Haruki Murakami - Mister Aufziehvogel / Nejimaki-dori-kuronikuru

  • Kurzmeinung

    Imagine
    nicht für schwache Gemüter, zumindest diese bestimmte Episode nicht.
  • Kurzmeinung

    Abroxas
    Übt eine Sogkraft aus, der sich schwer zu entziehen ist
  • (Klappentext)
    Toru Okada ist unzufrieden mit sich und der Welt. Er fühlt sich wie ein Spielzeugvogel, der von wer weiß wem aufgezogen wird. Der30jährige gibt seinen Job in einer Tokyoter Anwaltskanzlei auf, um sich in Ruhe über einen Neuanfang klar zu werden. Nach seinem Ausstieg aus der Alltagswelt tun sich diesem "Mister Aufziehvogel" plötzlich Wirklichkeiten auf, von denen er bisher nichts ahnte: erotische, ökonomische und politische. Selbst über seine eigene Ehe drängen sich dem Helden schwindelerregende Vermutungen auf. Er erkennt, dass unter dem Alltagsleben der großstadtgesellschaft andere, geheime Kräfter wirken.
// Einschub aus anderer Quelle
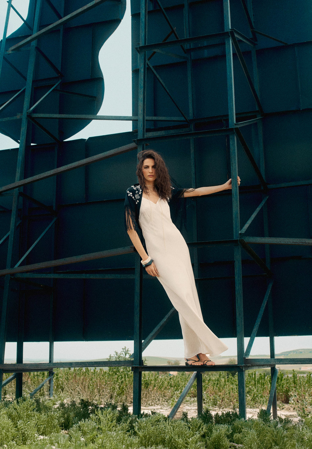 Vestido confeccionado en tejido fluido con textura . Corte slim fit, largo, con tirantes finos ajustables. escote en V.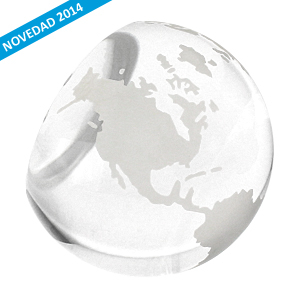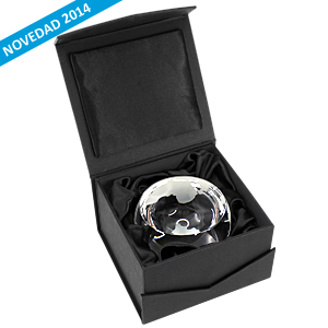 Trofeo de Cristal modelo «Planet» en forma de planeta con lado truncado. Presentación en caja de cartón forrado negro.

    Also dieses Buch hat mich wirklich verwirrt :scratch:. Die ganze Zeit über tauchen irgendwelche mysteriösen leute auf, werden Geschichten erzählt und geschehen mit normalem Verstand nicht erklärbare Dinge. Man wartet die ganze Zeit über, dass die Fäden irgendwann mal zusammengeführt und alles entwirrt wird.... Aber ich weiß bis heute nicht richtig worum es da eigentlich ging. Okay, die Hauptstory wird natürlich aufgeklärt, aber da bleiben einfach zu viele Fragen offen.
    Um es aber nicht ganz mies zu machen: Manchmal ist es schon sehr spannend und das Mädchen May (meiner Meinung nach die normalste Figur in dem Buch) finde ich irgendwie sympatisch. :cat:


    Ein Buch reicht wahrscheinlich nicht, um sich gleich ein Bild über den Autor zu bilden, aber ich bin doch erstmal abgeschreckt . :|

    "Es ist besser für das was man ist gehasst, als für das was man nicht ist geliebt zu werden."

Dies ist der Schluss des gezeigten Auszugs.